Available data Start Marker

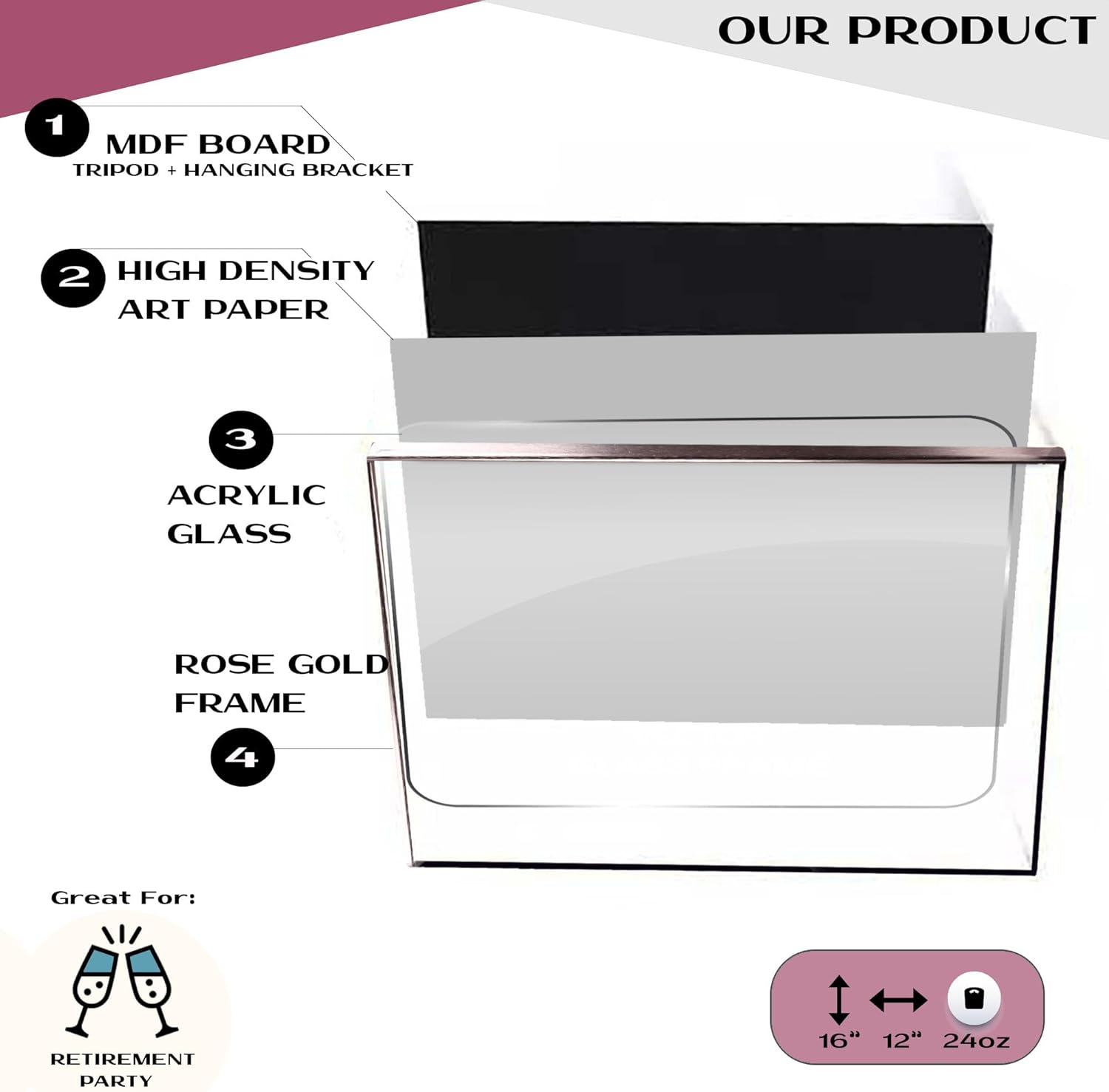 • Perfect for Any Room: The framed rose gold retirement card can be displayed in any room of the retiree's home or office as cherished reminders of their hard work and accomplishments.
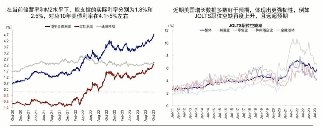 本轮美债利率上行很快,有个最重要的特征,用常用的第一个拆解方法实际利率加通胀预期,会发现左下图全都是实际利率贡献,通胀预期基本没动。大家可能会说通胀预期怎么只有2点几?实际利率隐含对于未来10年的通胀中枢,虽然短期的通胀还是上下起伏,上个月通胀还在往上抬,但10年的通胀中枢现在相对稳定在2.2%、2.3%左右。实际利率隐含拉长时间10年维度的增长预期,所以第一个结论它是对增长韧性的重新定价。
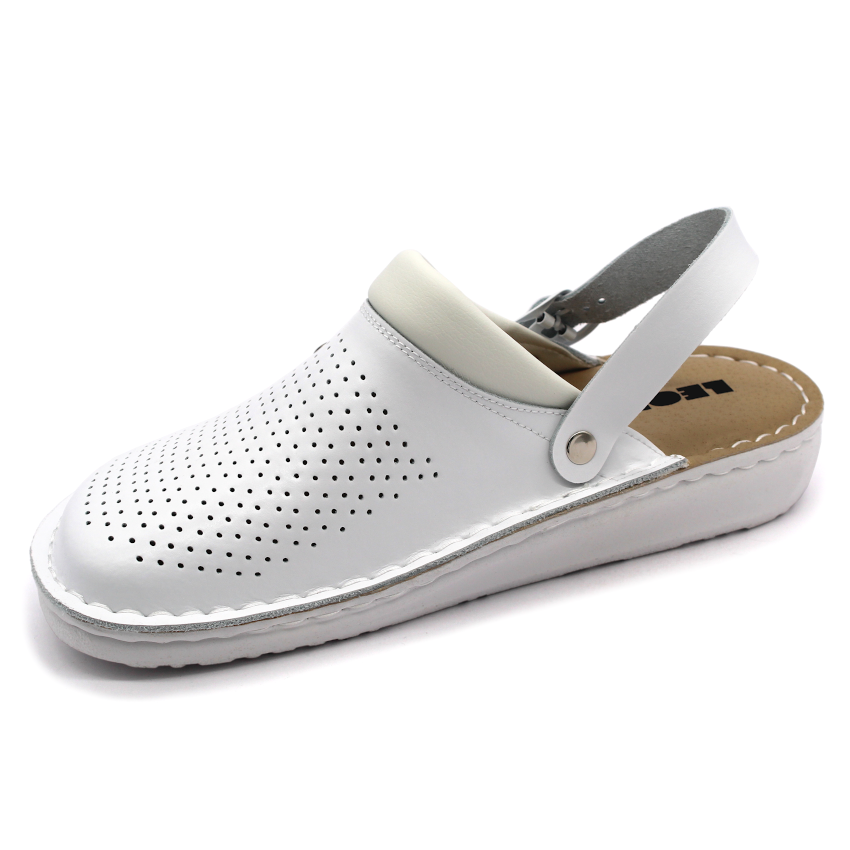 Certifikovaná zdravotní pracovní obuv EN ISO 20347:2012 je ideální volbou pro dlouhé pracovní směny, kde je kladen důraz na pohodlí, bezpečnost a hygienu. Obuv je vyrobena z kvalitní hladké kůže a má perforovaný svršek, který zajišťuje lepší prodyšnost chodidla.
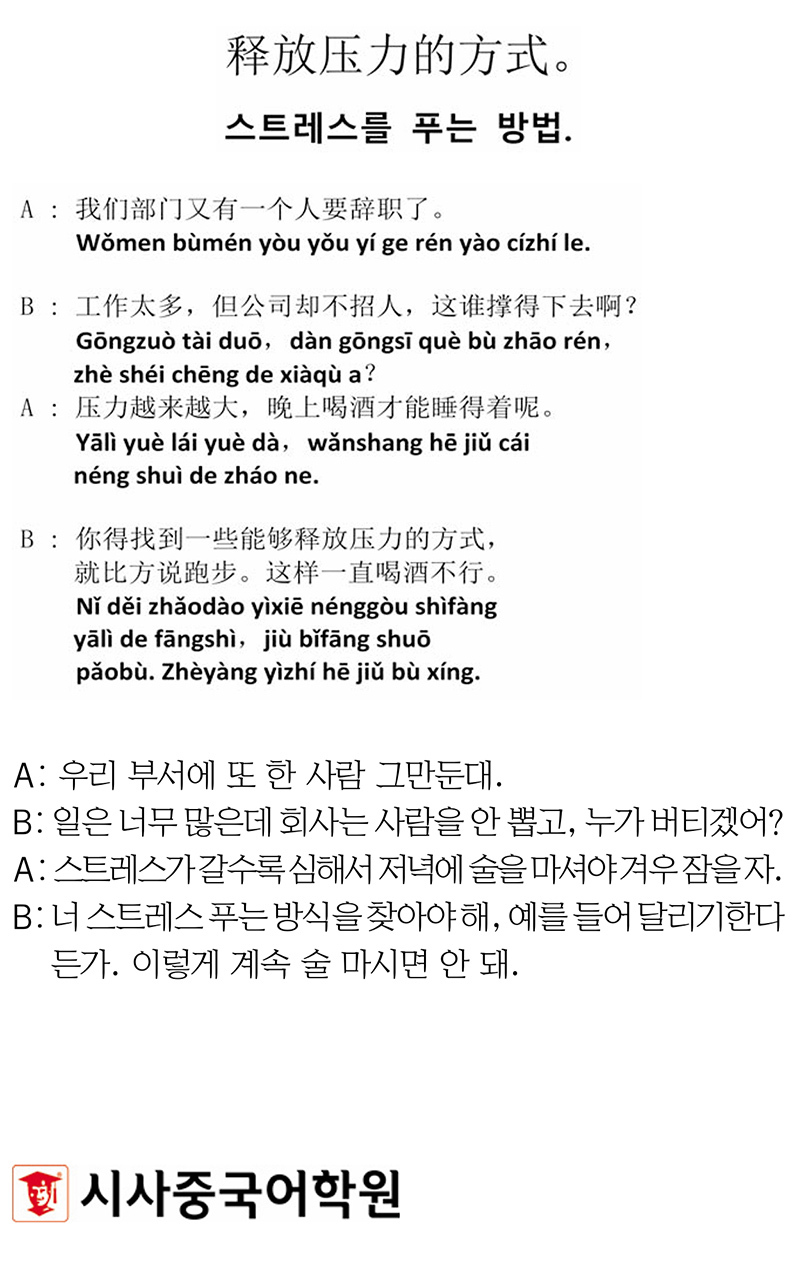 [시사중국어학원의 리얼 중국어 회화] 스트레스를 푸는 방법. 입력 : 2025-05-28 18:13:40 수정 : 2025-05-28 18:13:37 구글 네이버 유튜브 Copyright ⓒ 세계일보. 무단 전재 및 재배포 금지 세계일보

Available data End Marker

§ **Problem statement**
Produce a verbatim transcription of every line in the listing, images omitted.

§ **Solution**
 • Perfect for Any Room: The framed rose gold retirement card can be displayed in any room of the retiree's home or office as cherished reminders of their hard work and accomplishments.
 本轮美债利率上行很快,有个最重要的特征,用常用的第一个拆解方法实际利率加通胀预期,会发现左下图全都是实际利率贡献,通胀预期基本没动。大家可能会说通胀预期怎么只有2点几?实际利率隐含对于未来10年的通胀中枢,虽然短期的通胀还是上下起伏,上个月通胀还在往上抬,但10年的通胀中枢现在相对稳定在2.2%、2.3%左右。实际利率隐含拉长时间10年维度的增长预期,所以第一个结论它是对增长韧性的重新定价。
 Certifikovaná zdravotní pracovní obuv EN ISO 20347:2012 je ideální volbou pro dlouhé pracovní směny, kde je kladen důraz na pohodlí, bezpečnost a hygienu. Obuv je vyrobena z kvalitní hladké kůže a má perforovaný svršek, který zajišťuje lepší prodyšnost chodidla.
 [시사중국어학원의 리얼 중국어 회화] 스트레스를 푸는 방법. 입력 : 2025-05-28 18:13:40 수정 : 2025-05-28 18:13:37 구글 네이버 유튜브 Copyright ⓒ 세계일보. 무단 전재 및 재배포 금지 세계일보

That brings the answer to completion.